• TASK OBJECTIVE: Copy each entry verbatim, excluding its images.

• DATA SUPPLIED:
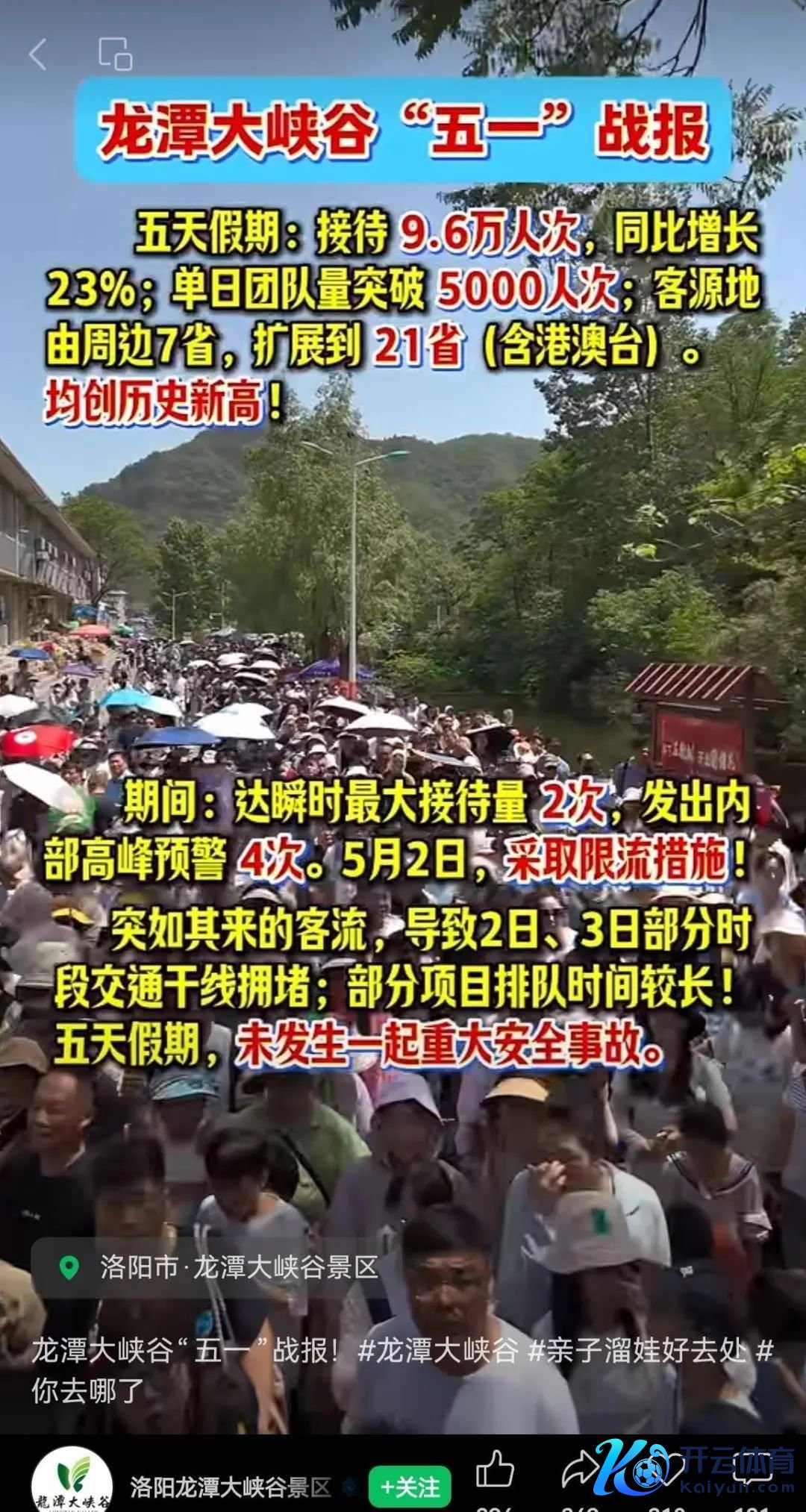 极目新闻记者把稳到,景区微信公众号发布的信息走漏,刚刚昔日这个五一假期,该景区旅客爆满,共欢迎旅客9.6万东谈主次,同比增长23%。5月2日还发布了限流公告:因景区已达最大承载量,不再售卖当日门票。
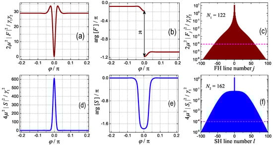 The FH and SH comb spectra are shown in Figure 8c and Figure 8f. They are symmetric in j and l and very broad. The normalizations of F and S are slightly different and specific for the SH pumping case. On the other hand, they provide the maximum values of and of the order of one. The shapes of the FH and SH spectra are notably different. The central peak in Figure 8f is due to the pump. To quantify the comb spectra, we define the number of significant FH and SH lines ( and ) whose normalized intensities are above the cut-off level . This characteristic is conditional and rather useful; the lines of this strength are typically well above the light noise. In our case, and correspond to the well developed dual combs.
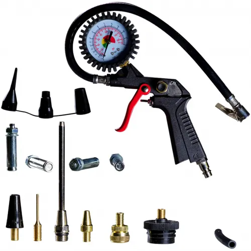 | Комплектация | Пневмопистолет с манометром для накачки; Удлиненная насадка для продувки; Игла для накачки мячей; Универсальный адаптер для клапанов с внутренним диаметром 6 мм ; Универсальный адаптер для клапанов с внутренним диаметром 9 мм; Адаптер для накачки велосипедных шин; Насадки для накачки матрасов и басс |
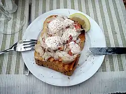 Crab meat from crab claws on toast
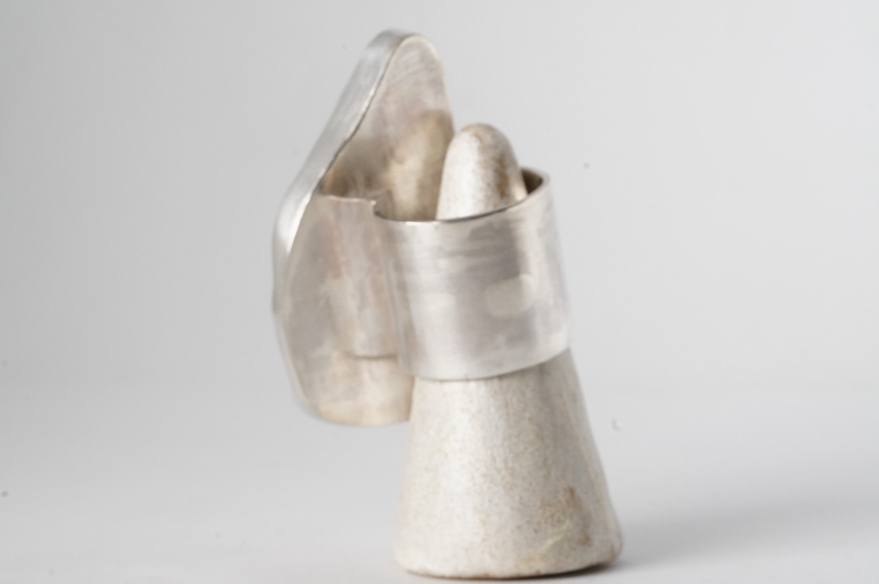 スライスすれば、いくつもジュエリーが作れる大きさの原石を、敢えて巨大な原石そのままに、たった一つのリングにしました。
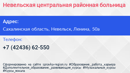 Невельская центральная районная больница по адресу Сахалинская область, Невельск, Ленина, 50а в дальнейшем Организация, размещена в следующих категориях:
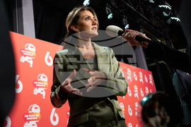Dilan Yesilgöz, leader of the right-wing People's Party for Freedom and Democracy reacts after the debate at the SBS6 TV studio in Hilversum, Netherlands, Thursday, Oct. 23, 2025. (AP Photo/Peter Dejong)
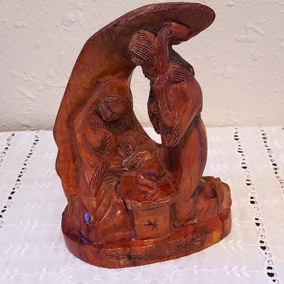 Hand Made Holy Family In Flight Made in Nazareth Using Olive Wood
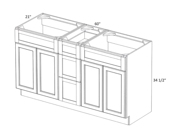 4 Door, 3 Dr, 2 False Dr Vanity Double Sink
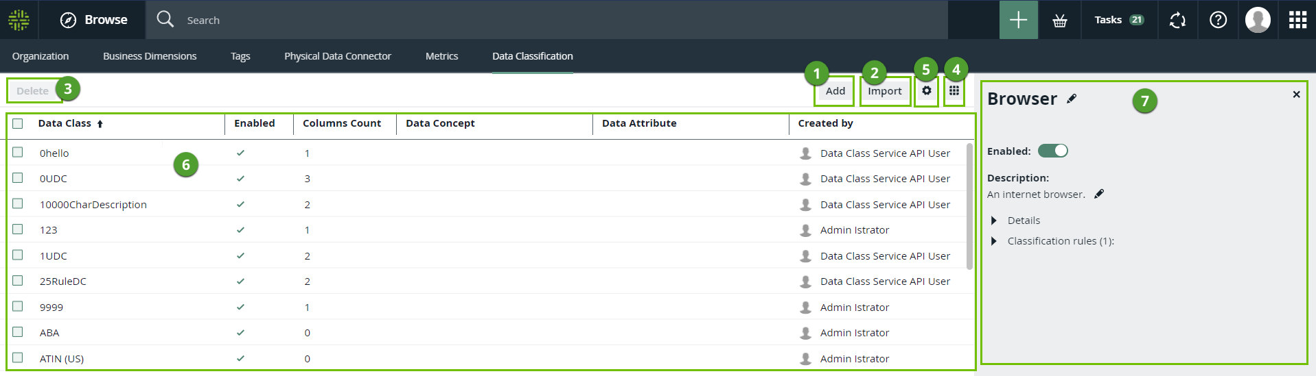 A table that shows all the data classes that exist in your environment. Click anywhere in the row of a data class to view the details of the data class in an extra pane (7) and update them. Click the Preview button that appears when you hover over a data class to view the details of the data class in an extra pane (8) and update them. Note You can't see the Data Categories, Data Attributes, or Data Concepts for which you don't have the View permission. |
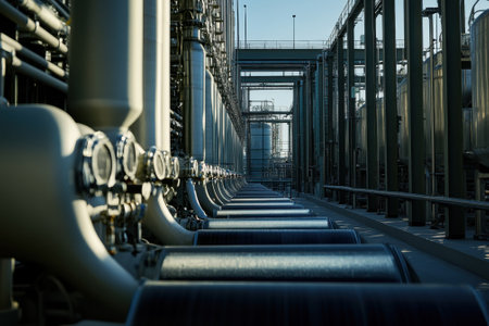 Metal pipelines stretch through the industrial facility under a bright sky, showing a complex network of machinery.
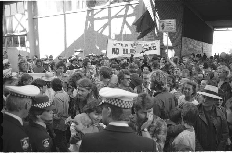 296405PD: An Australian Peace Committee banner is held aloft during an antinuclear demonstration, Fremantle, 1980
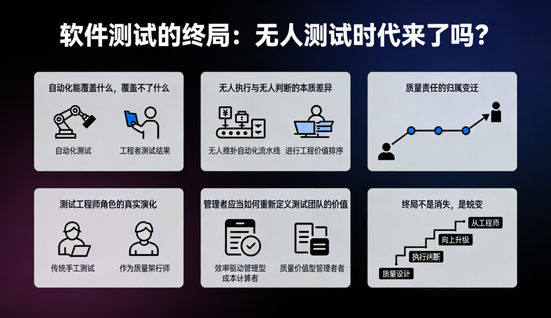 这两种定义,指向两种截然不同的终局。如果测试的本质是执行验证,那无人测试的时代确实在加速到来。如果测试的本质是判断质量,那人的角色不会消失,只会被重新定位——从流水线上的操作工,变成流水线的设计者与仲裁者。
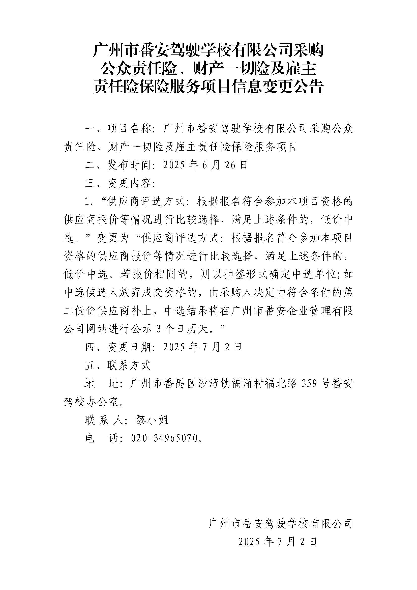 廣州市番安駕駛學(xué)校有限公司采購(gòu)公眾責(zé)任險(xiǎn)、財(cái)產(chǎn)一切險(xiǎn)及雇主責(zé)任險(xiǎn)保險(xiǎn)服務(wù)項(xiàng)目信息變更公告
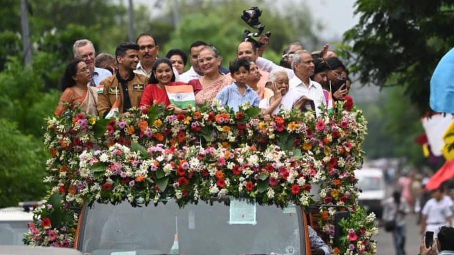 लखनऊ के लाल के नगर आगमन पर उनका स्वागत करने के लिए सड़कों पर जनसैलाब उमड़ पड़ा। इस दौरान उनके साथ गाड़ी पर सुषमा खर्कवाल, उनके माता-पिता, पत्नी और बेटा मौजूद रहा।
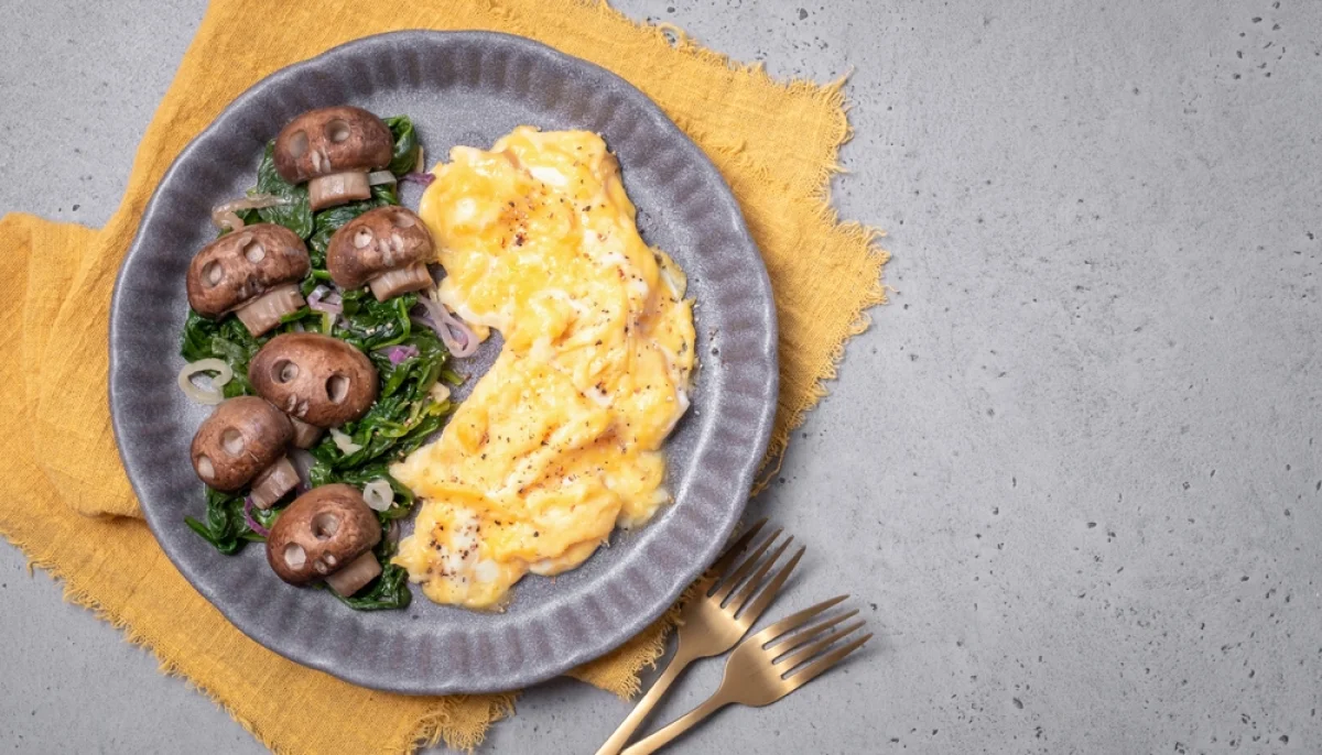 Savourez une poĂȘlĂ©e de champignons et des Ćufs brouillĂ©s onctueux pour un repas rapide et Ă©quilibrĂ©.

• RESPONSE FOR THIS EXERCISE:
 极目新闻记者把稳到,景区微信公众号发布的信息走漏,刚刚昔日这个五一假期,该景区旅客爆满,共欢迎旅客9.6万东谈主次,同比增长23%。5月2日还发布了限流公告:因景区已达最大承载量,不再售卖当日门票。
 The FH and SH comb spectra are shown in Figure 8c and Figure 8f. They are symmetric in j and l and very broad. The normalizations of F and S are slightly different and specific for the SH pumping case. On the other hand, they provide the maximum values of and of the order of one. The shapes of the FH and SH spectra are notably different. The central peak in Figure 8f is due to the pump. To quantify the comb spectra, we define the number of significant FH and SH lines ( and ) whose normalized intensities are above the cut-off level . This characteristic is conditional and rather useful; the lines of this strength are typically well above the light noise. In our case, and correspond to the well developed dual combs.
 | Комплектация | Пневмопистолет с манометром для накачки; Удлиненная насадка для продувки; Игла для накачки мячей; Универсальный адаптер для клапанов с внутренним диаметром 6 мм ; Универсальный адаптер для клапанов с внутренним диаметром 9 мм; Адаптер для накачки велосипедных шин; Насадки для накачки матрасов и басс |
 Crab meat from crab claws on toast
 スライスすれば、いくつもジュエリーが作れる大きさの原石を、敢えて巨大な原石そのままに、たった一つのリングにしました。
 Невельская центральная районная больница по адресу Сахалинская область, Невельск, Ленина, 50а в дальнейшем Организация, размещена в следующих категориях:
Dilan Yesilgöz, leader of the right-wing People's Party for Freedom and Democracy reacts after the debate at the SBS6 TV studio in Hilversum, Netherlands, Thursday, Oct. 23, 2025. (AP Photo/Peter Dejong)
 Hand Made Holy Family In Flight Made in Nazareth Using Olive Wood
 4 Door, 3 Dr, 2 False Dr Vanity Double Sink
 A table that shows all the data classes that exist in your environment. Click anywhere in the row of a data class to view the details of the data class in an extra pane (7) and update them. Click the Preview button that appears when you hover over a data class to view the details of the data class in an extra pane (8) and update them. Note You can't see the Data Categories, Data Attributes, or Data Concepts for which you don't have the View permission. |
 Metal pipelines stretch through the industrial facility under a bright sky, showing a complex network of machinery.
 296405PD: An Australian Peace Committee banner is held aloft during an antinuclear demonstration, Fremantle, 1980
 这两种定义,指向两种截然不同的终局。如果测试的本质是执行验证,那无人测试的时代确实在加速到来。如果测试的本质是判断质量,那人的角色不会消失,只会被重新定位——从流水线上的操作工,变成流水线的设计者与仲裁者。
 廣州市番安駕駛學(xué)校有限公司采購(gòu)公眾責(zé)任險(xiǎn)、財(cái)產(chǎn)一切險(xiǎn)及雇主責(zé)任險(xiǎn)保險(xiǎn)服務(wù)項(xiàng)目信息變更公告
 लखनऊ के लाल के नगर आगमन पर उनका स्वागत करने के लिए सड़कों पर जनसैलाब उमड़ पड़ा। इस दौरान उनके साथ गाड़ी पर सुषमा खर्कवाल, उनके माता-पिता, पत्नी और बेटा मौजूद रहा।
 Savourez une poĂȘlĂ©e de champignons et des Ćufs brouillĂ©s onctueux pour un repas rapide et Ă©quilibrĂ©.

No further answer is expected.